The Working Waterfront

Boatbuilder develops work strategies while navigating ALS

Kathy Walsh wonders about links between toxins and disease

Laurie Schreiber
Posted 2021-12-06
Last Modified 2021-12-07

Boatbuilder Kathy Walsh, who was diagnosed with a motor neuron disease called amyotrophic lateral sclerosis last spring, has developed strategies to continue working despite increasing weakness in her upper body.

Walsh also wonders if toxins found in work-related materials could be the cause of, or a contributor to the disease.

ALS, commonly called Lou Gehrig’s disease, is a fatal neurodegenerative disease affecting the motor nerves and voluntary muscles, according to the ALS Association. Symptoms include the spread of muscle weakness and paralysis through the body. People progressively lose the ability to move, talk, and even breathe and eat, although their minds remain sharp.

There are two types of ALS. “Sporadic” can affect anyone, anywhere and accounts for 90 to 95 percent of all cases. “Familial” means the disease is inherited.

She followed her doctor’s advice to start wearing a respirator during work.

A Mount Desert Island native, Walsh’s career started as a research assistant in animal reproduction labs in Colorado and California, followed by a 13-year stint at Jackson Laboratory in Bar Harbor.

She had also done side jobs on boats, mentored by her grandfather. Seventeen years ago, an opportunity came up to work for Carlton Johnson, founder of Redfern Boats, then located in Lamoine and now in Tremont. It meant a better salary than her lab gigs, so she went for it.

“It was just the two of us,” she said. “There have been a lot of projects along the way.”

About three years ago, Walsh began to experience weakness in her hands.

“They wouldn’t do what I wanted them to,” she said.

She saw a neurologist but was misdiagnosed for a long time.

MRIs indicated inflammation in her brain and toxicology tests indicated the inflammation was due to toxic exposure. She followed her doctor’s advice to start wearing a respirator during work.

But the weakness continued to spread and eventually she was diagnosed with ALS.

Today she has trouble speaking and swallowing. Her lower body remains strong and she can walk. But her upper body is weakening and she has a fair amount of muscle atrophy. She lost 30 pounds in recent months and her breathing is at only at 60 percent respiration.

“It feels like it’s advancing fairly quickly,” she said.

But she continues to work. That includes a lot of buffing, cleaning, varnishing, and painting

“I have issues with grip strength, so I have made some Velcro straps to hold sandpaper in my hands and used foam piping around my brushes and scrapers to help me grip them better,” she said.

A genetic test determined her ALS is not familial. So she’s been researching work-related toxins as possible triggers. Although studies are inconclusive, she wonders if long-term exposure to off-gassing related to pesticides found in imported teak or formaldehyde used in the manufacture of composite wood products might have triggered or contributed to her disease. Her work typically involves working with teak and wood and fiberglass composites.

A scientist at Jackson Laboratory said the causes of ALS are still unknown.

“ALS is a remarkably mysterious disease,” said Rob Burgess, who researches the genetics underlying neuromuscular and neurodevelopmental disorders.

ALS is more common than most people think—and it’s more than one disease, he explained.

“We talk about ALS as this monolith, but it’s not,” he said. “One of the challenges is that we don’t know if it’s ten different diseases, or 100 or a thousand different diseases.”

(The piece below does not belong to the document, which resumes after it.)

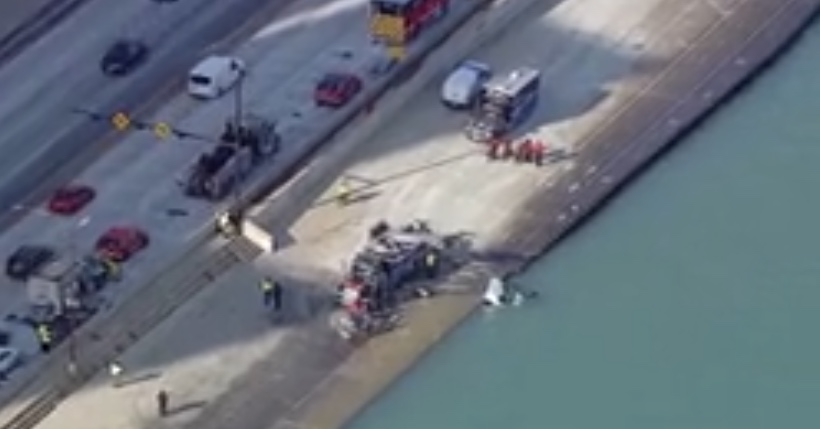 The pickup truck hit a slick spot and slipped backward into the water on Chicago's near North Side around 7:20 a.m., said Dep. District Chief Jason Lach of the Chicago Fire Department Marine Dive Operations. It slid halfway into the water before getting caught on a breakwall.

That makes it all the more difficult to determine possible environmental triggers.

“I’m sympathetic to people who want a cause or an explanation,” he said. “Everyone does, for any disease. It’s important to try to get that because if there is something causative out there, you want to minimize exposure. But it’s really challenging to do those kind of studies, especially for a disease where it’s hard to get tens or thousands of ALS patients together to do a large-scale epidemiological study.”

According to the ALS Association, there are currently four drugs approved by the U.S. FDA to treat ALS. Studies around the world are ongoing to develop more treatments and a cure.

Acknowledging the challenge of understanding and treating ALS, Walsh remains convinced on a personal level that better protection from off-gassing might have been key to the protection of her own health.

“I have three grandchildren and three more on the way,” she said. “I want to be around for them. I’m doing everything I can to fight this and to raise awareness.”